# Task to carry out
Up to and including the line bearing "Add a pop of", output every line of the entries exactly as written, starting from the first; pictures stay out.

Dataset records:
-----
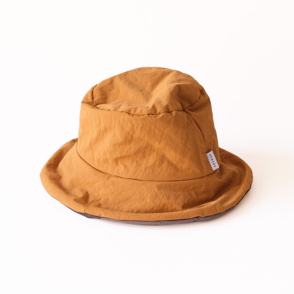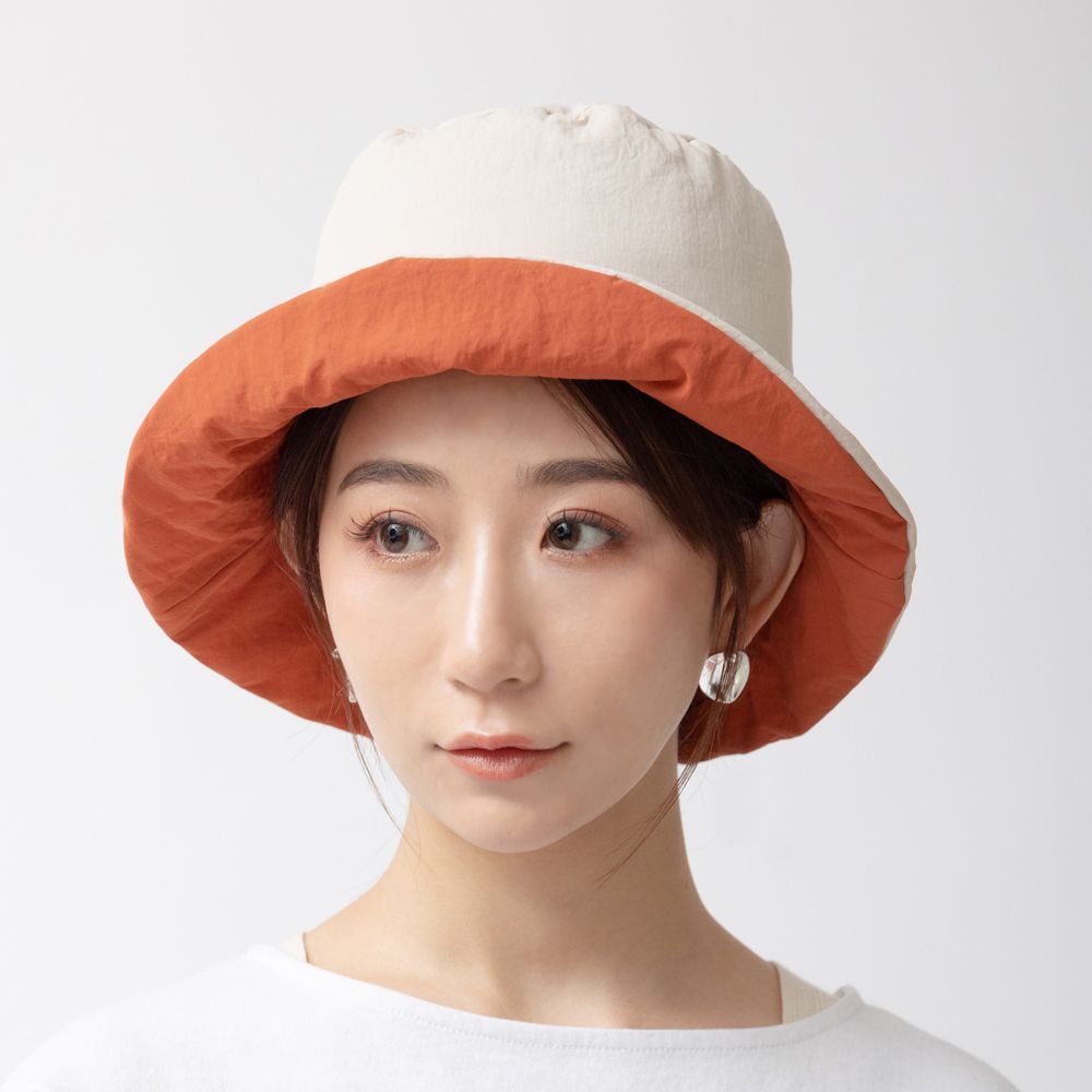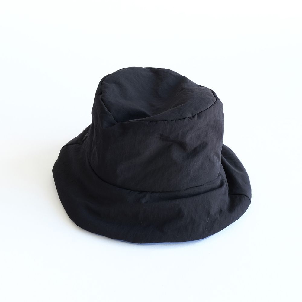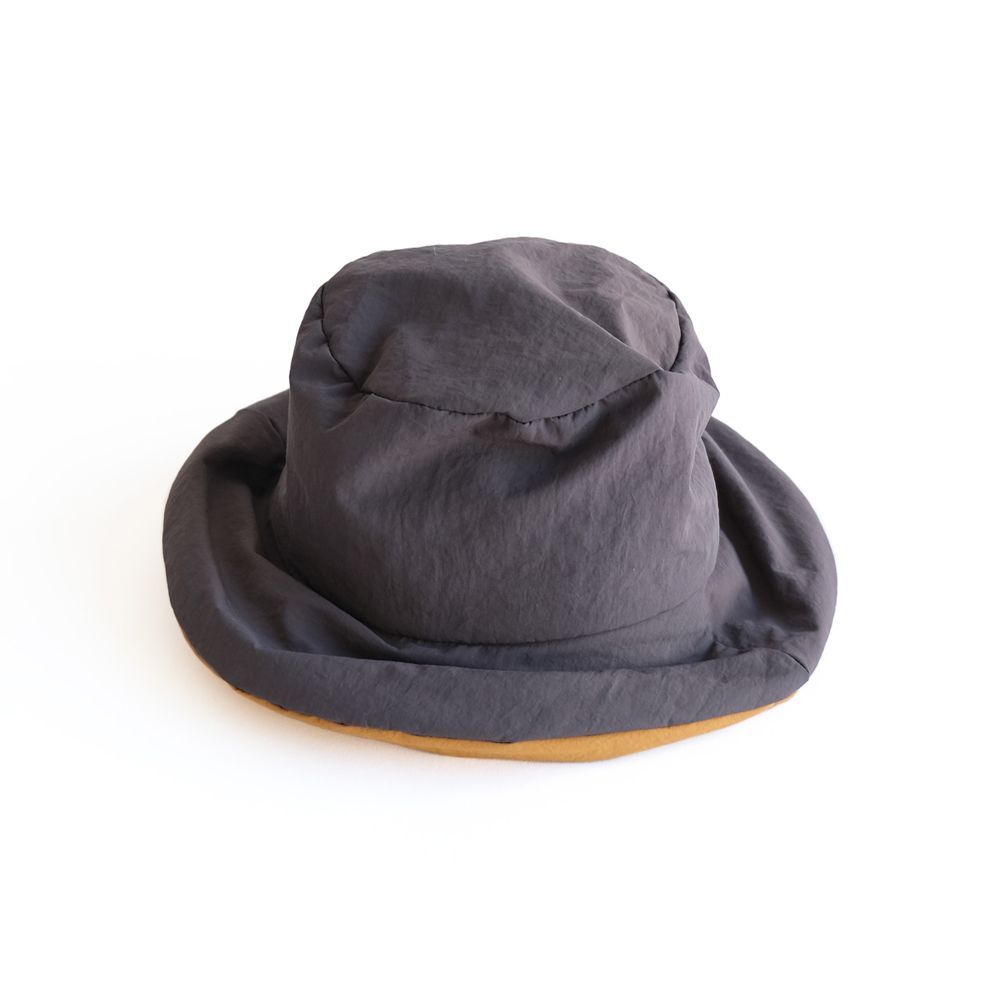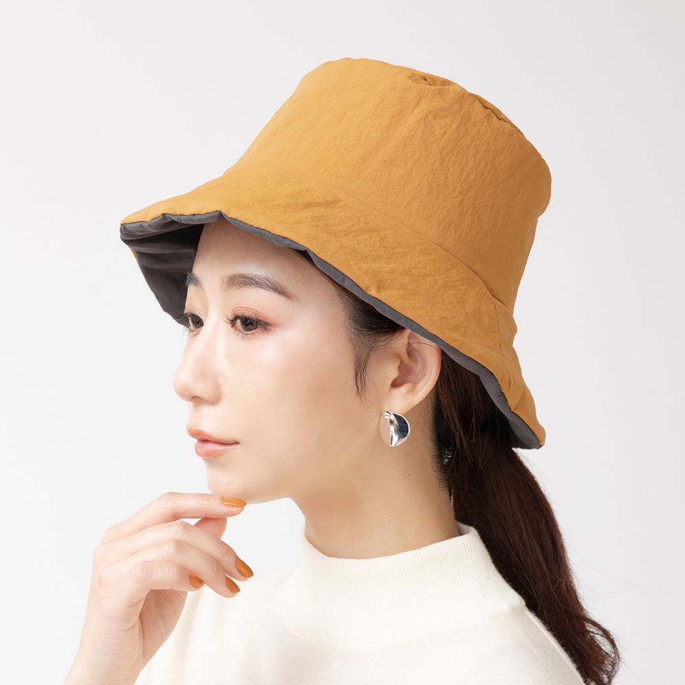 注目のバケットハットは、中綿を入れてバイカラーのリバーシブル仕立てにしています。その名の通り、バケツを逆さに返した台形のフォルムに短めのブリムがついたデザイン。メンズライクでカジュアルな印象もありますが、以外とフェミニンなワンピースやスカートとも相性がいいので、ワードローブに加えて損のないアイテム。軽くてシワも気にならないナイロン素材、深めにかぶれば小顔効果も抜群です。
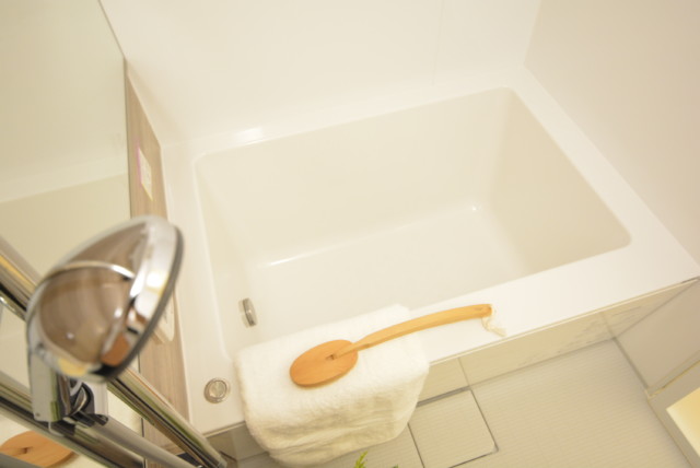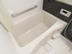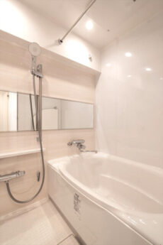 浴室は白を基調にした温かみのある雰囲気。体に合わせたカーブが心地良さそうな浴槽に浸かって、リラックスしたバスタイムを過ごせそうですね♬
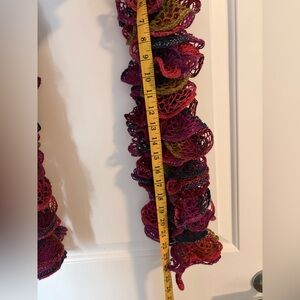 Add a pop of color to your outfit with this elegant multicolor ruffled scarf. Perfect for any occasion.
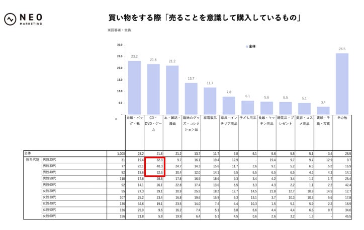 全体で「売ることを意識して購入しているもの」として最も多かったのは「衣類・バッグ・靴」23.2%で、次いで「CD・DVD・ゲーム」21.8%、「本・雑誌・漫画」21.2%でした。
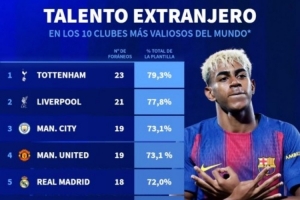 體育資訊9月18日訊 德國(guó)轉(zhuǎn)會(huì)市場(chǎng)統(tǒng)計(jì)了身價(jià)排名前十俱樂部的外籍球員占比,并列出榜單,在身價(jià)前十俱樂部之中,熱刺外援占比79.3%最高,巴薩43.5%最低。
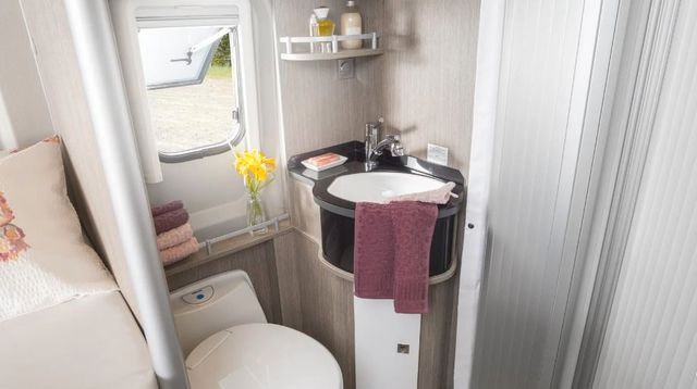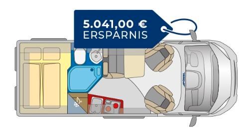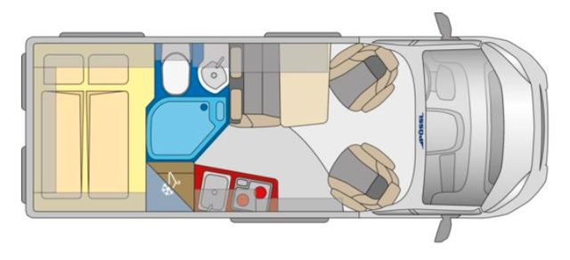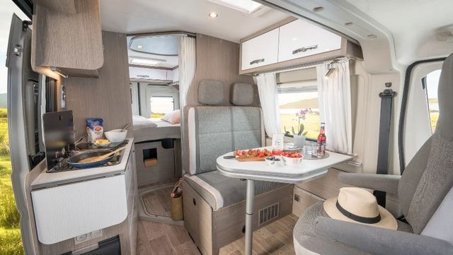 Einen besonderen Komfort bietet der 2Win R Plus: Mit einem praktischen Lamellenrollo entsteht ein extra großes Raumbad. Bei Bedarf lässt sich dadurch auch der Schlaf- vom Wohnbereich abtrennen. Fertig ist der Badkomfort, wie man ihn von zu Hause kennt! Darüber hinaus wartet die R-Version mit einem must-have für alle „Lang“-Schläfer auf: ein großes, bequemes Bett. Passend dazu: Ein hochgesetzter Kühlschrank, unter dem ein großer Hängeschrank für allerlei Stauraum sorgt.
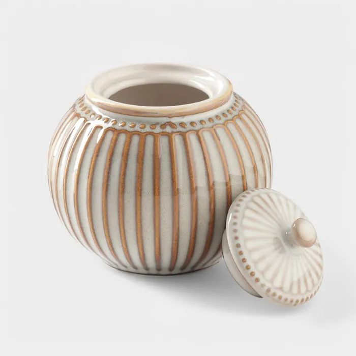 - Стильный дизайн: бежевый цвет и рельефная текстура делают сахарницу не только функциональной, но и эстетически привлекательной.
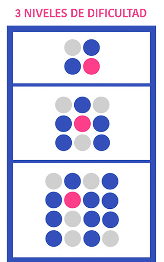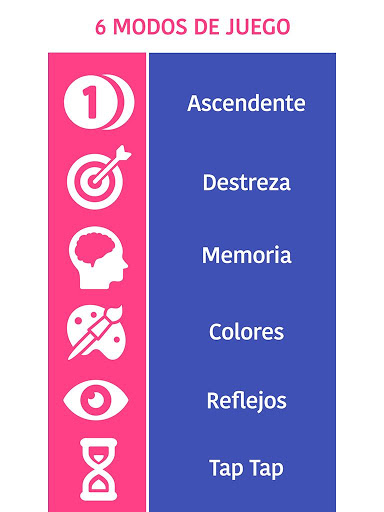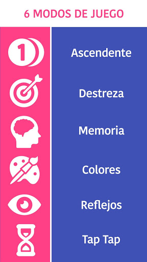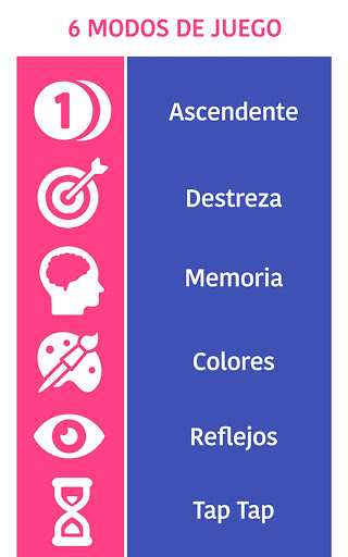 ☆ Memoria: Memoriza el orden de las casillas. Cuando los números desaparezcan toca los círculos del tablero en orden ascendente en el menor tiempo posible.
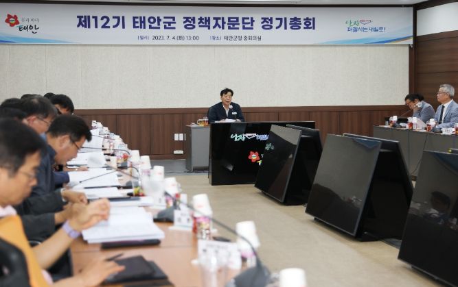 군은 지난 4일 군청 중회의실에서 가세로 군수와 부서장, 정책자문단 등 50여 명이 참석한 가운데 ‘제12기 태안군 정책자문단 정기총회’를 열고 자문단이 제시한 각종 정책제안에 대한 논의에 나섰다고 밝혔다.
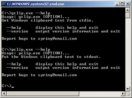 🌱 gclip.exe 1.0 [8k] {S}+ Get Windows clipboard text from stdin; similar to pbcopy. 📺 💾
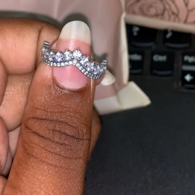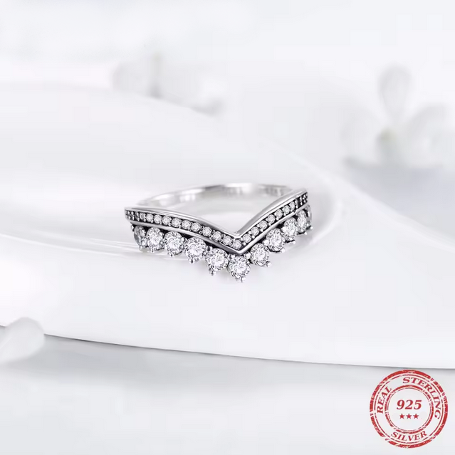 - Luxury 925 Sterling Silver Dazzling A5 Zirconia V-Style Crown Ring (Size 5-9)
-----
# Answer below
 注目のバケットハットは、中綿を入れてバイカラーのリバーシブル仕立てにしています。その名の通り、バケツを逆さに返した台形のフォルムに短めのブリムがついたデザイン。メンズライクでカジュアルな印象もありますが、以外とフェミニンなワンピースやスカートとも相性がいいので、ワードローブに加えて損のないアイテム。軽くてシワも気にならないナイロン素材、深めにかぶれば小顔効果も抜群です。
 浴室は白を基調にした温かみのある雰囲気。体に合わせたカーブが心地良さそうな浴槽に浸かって、リラックスしたバスタイムを過ごせそうですね♬
 Add a pop of color to your outfit with this elegant multicolor ruffled scarf. Perfect for any occasion.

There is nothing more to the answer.